すべてが予定調和になっていて、そこのなかで、最初から最後まで時間を使うことが目的になっていて、何かを決めるとか意見をぶつけ合うということは、要するに怖いんですよ。何か否定されるのではないかと思われるのが怖い。そうすると、上の人の話は黙って聞いている。
「歯向かおうものなら自分の立場がなくなる」と下は思うし、上の人間は「上の人間で、自分のことなんか否定するんじゃないぞ、絶対」という態度で臨むので、それでは意見なんて出るわけないですよね。
終わった後にみんなで「やれやれ」。いろんなものが居酒屋とタバコ部屋で決まるんですよね。だから、仕事が終わった後がえらい長い。
澤:今日、受付で入館証を配ってくれていた彼は、日本企業出身なんです。僕のところにインターンに来てくれているんですけど、「やっぱりすごくカルチャーギャップがある」と言っていて。19時以降になると、ようやく落ち着いて仕事ができるんですって。
堀江:え? どうしてですか?
澤:それまでの時間は、やらなきゃいけない予定調和の会議がすごく多くて、それでつぶされちゃうから、その後に作業の時間が割ける。ようやく会議ができるとか、そんなことを言っていました。
さらに、それが終わった後に22時くらいからまた飲みに行ったりするみたいなんです。(自分の)人生を過ごす暇がなくなっちゃうんじゃないの、と思うんですが、それはかなり一般的なのは事実ですね。

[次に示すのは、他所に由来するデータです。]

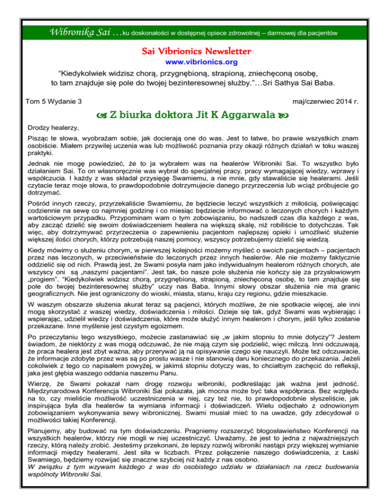 Wibronika Sai …ku doskonałości w dostępnej opiece zdrowotnej – darmowej dla pacjentów Sai Vibrionics Newsletter www.vibrionics.org “Kiedykolwiek widzisz chorą, przygnębioną, strapioną, zniechęconą osobę, to tam znajduje się pole do twojej bezinteresownej służby.”…Sri Sathya Sai Baba. Tom 5 Wydanie 3 maj/czerwiec 2014 r. Z biurka doktora Jit K Aggarwala Drodzy healerzy, Pisząc te słowa, wyobrażam sobie, jak docierają one do was. Jest to łatwe, bo prawie wszystkich znam osobiście. Miałem przywilej uczenia was lub możliwość poznania przy okazji różnych działań w toku waszej praktyki. Jednak nie mogę powiedzieć, że to ja wybrałem was na healerów Wibroniki Sai. To wszystko było działaniem Sai. To on własnoręcznie was wybrał do specjalnej pracy, pracy wymagającej wiedzy, wprawy i współczucia. I każdy z was składał przysięgę Swamiemu, a nie mnie, gdy stawaliście się healerami. Jeśli czytacie teraz moje słowa, to prawdopodobnie dotrzymujecie danego przyrzeczenia lub wciąż próbujecie go dotrzymać. Pośród innych rzeczy, przyrzekaliście Swamiemu, że będziecie leczyć wszystkich z miłością, poświęcając codziennie na sewę co najmniej godzinę i co miesiąc będziecie informować o leczonych chorych i każdym wartościowym przypadku. Przypominam wam o tym zobowiązaniu, bo nadszedł czas dla każdego z was, aby zacząć dzielić się swoim doświadczeniem healera na większą skalę, niż robiliście to dotychczas. Tak więc, aby dotrzymywać przyrzeczenia o zapewnieniu pacjentom najlepszej opieki i umożliwić służenie większej ilości chorych, którzy potrzebują naszej pomocy, wszyscy potrzebujemy dzielić się wiedzą. Kiedy mówimy o służeniu chorym, w pierwszej kolejności możemy myśleć o swoich pacjentach – pacjentach przez nas leczonych, w przeciwieństwie do leczonych przez innych healerów. Ale nie możemy faktycznie oddzielić się od nich. Prawdą jest, że Swami posyła nam jako indywidualnym healerom różnych chorych, ale wszyscy oni są „naszymi pacjentami”. Jest tak, bo nasze pole służenia nie kończy się za przysłowiowym „progiem”. “Kiedykolwiek widzisz chorą, przygnębioną, strapioną, zniechęconą osobę, to tam znajduje się pole do twojej bezinteresownej służby” uczy nas Baba. Innymi słowy obszar służenia nie ma granic geograficznych. Nie jest ograniczony do wioski, miasta, stanu, kraju czy regionu, gdzie mieszkacie. W waszym obszarze służenia akurat teraz są pacjenci, których możliwe, że nie spotkacie więcej, ale inni mogą skorzystać z waszej wiedzy, doświadczenia i miłości. Dzieje się tak, gdyż Swami was wybierając i wspierając, udzielił wiedzy i doświadczenia, które może służyć innym healerom i chorym, jeśli tylko zostanie przekazane. Inne myślenie jest czystym egoizmem. Po przeczytaniu tego wszystkiego, możecie zastanawiać się „w jakim stopniu to mnie dotyczy”? Jestem świadom, że niektórzy z was mogą odczuwać, że nie mają czym się podzielić, więc milczą. Inni odczuwają, że praca healera jest zbyt ważna, aby przerywać ją na opisywanie czego się nauczyli. Może też odczuwacie, że informacje zdobyte przez was są po prostu wasze i nie stanowią daru koniecznego do przekazania. Jeżeli cokolwiek z tego co napisałem powyżej, w jakimś stopniu dotyczy was, to chciałbym zachęcić do refleksji, jaka jest głębia waszego oddania naszemu Panu. Wierzę, że Swami pokazał nam drogę rozwoju wibroniki, podkreślając jak ważna jest jedność. Międzynarodowa Konferencja Wibroniki Sai pokazała, jak mocna może być taka współpraca. Bez względu na to, czy mieliście możliwość uczestniczenia w niej, czy też nie, to prawdopodobnie słyszeliście, jak inspirująca była dla healerów ta wymiana informacji i doświadczeń. Wielu odjechało z odnowionym zobowiązaniem wykonywania sewy wibronicznej. Swami musiał mieć to na uwadze, gdy zdecydował o możliwości takiej Konferencji. Planujemy, aby budować na tym doświadczeniu. Pragniemy rozszerzyć błogosławieństwo Konferencji na wszystkich healerów, którzy nie mogli w niej uczestniczyć. Uważamy, że jest to jedna z najważniejszych rzeczy, którą należy zrobić. Jesteśmy przekonani, że lepszy rozwój wibroniki nastąpi przy większej wymianie informacji między healerami. Jest siła w liczbach. Przez połączenie naszego doświadczenia, z Łaski Swamiego, będziemy rozwijać się znaczne szybciej niż każdy z nas osobno. W związku z tym wzywam każdego z was do osobistego udziału w działaniach na rzecz budowania wspólnoty Wibroniki Sai. Biuletyn W najbliższej przyszłości ten Biuletyn będzie służył lepszej wymianie informacji wśród healerów. Planujemy poszerzyć go o: historie chorób pokazujące zarówno zwykłe, codzienne, jak i wszelkie niezwykle doświadczenia healerów porady, którymi healerzy chcieliby podzielić się z innymi relacje o odkrywczych lub inspirujących doświadczeniach krótkie anegdoty o leczeniu relacje o lokalnej aktywności w sewie wibronicznej, projekty, badania “sylwetki healerów” - tutaj w pigułce zostaną przedstawione wraz ze zdjęciem sylwetki poszczególnych healerów. Healerzy krótko podzielą się informacjami dotyczącymi ich przeszłości, okresu i miejsca wykonywania sewy oraz dołączą krótkie, kilkuzdaniowe osobiste refleksje. Każdy może włączyć się w realizację tego dzieła. Zorganizowaliśmy zespół mający za zadanie zbieranie tych informacji. Ochotnicy ci będą służyć jako redaktorzy współpracujący z Biuletynem. Jeśli skontaktują się z Wami i poproszą o współpracę, prosimy o jak najrzetelniejszą odpowiedź. Jednak nie musicie czekać na zaproszenie. A nawet mam nadzieję, że nie będziecie. Możecie się włączyć poprzez bezpośrednie przesłanie informacji do mnie: [email protected]. Każdy wysiłek będzie uznany i wykorzystany. Badania w rolnictwie Dodatkowo chcemy

堀江:そうですね。シリコンバレーの……というか、「起業家とはこうあるべき」というのが自然にあるんです。プレッシャーの中で何をするかは、とにかく毎日答えが正しいか、正しくないか、わからなくても決断しなくてはならない。決断しないことも決断なんですよね。
ずるずる引きずることによって、会議じゃないですけど、(決断を)しないことでロスがあるという切羽詰まった中でよく言われていたのが、「起業で3年間相当のものを3ヶ月でする」ということです。
それがどんどん短くなって、プレッシャーの中でやっていると、だんだん自分の中でストレスが麻痺してきて、何がストレスかわからなくなってしまう。そういう意味では、日本の方もそのプレッシャーの中で、「ストレスが溜まっている」と言えない中でやっているというのは、すごく思いますね。
澤:だから、どうしても思考停止してしまって、「ルールに従っていればいいや」ということになってしまうんです。決められているルールに従っていればとりあえずOK、という考え方になってしまうのも1つ、今の閉塞感を生んでいるところなのかなという気がしますね。
堀江:そうですね。
澤:いったんここでブレイクに入りたいと思います。ということで、愛利さん、ありがとうございました。
堀江:ありがとうございました。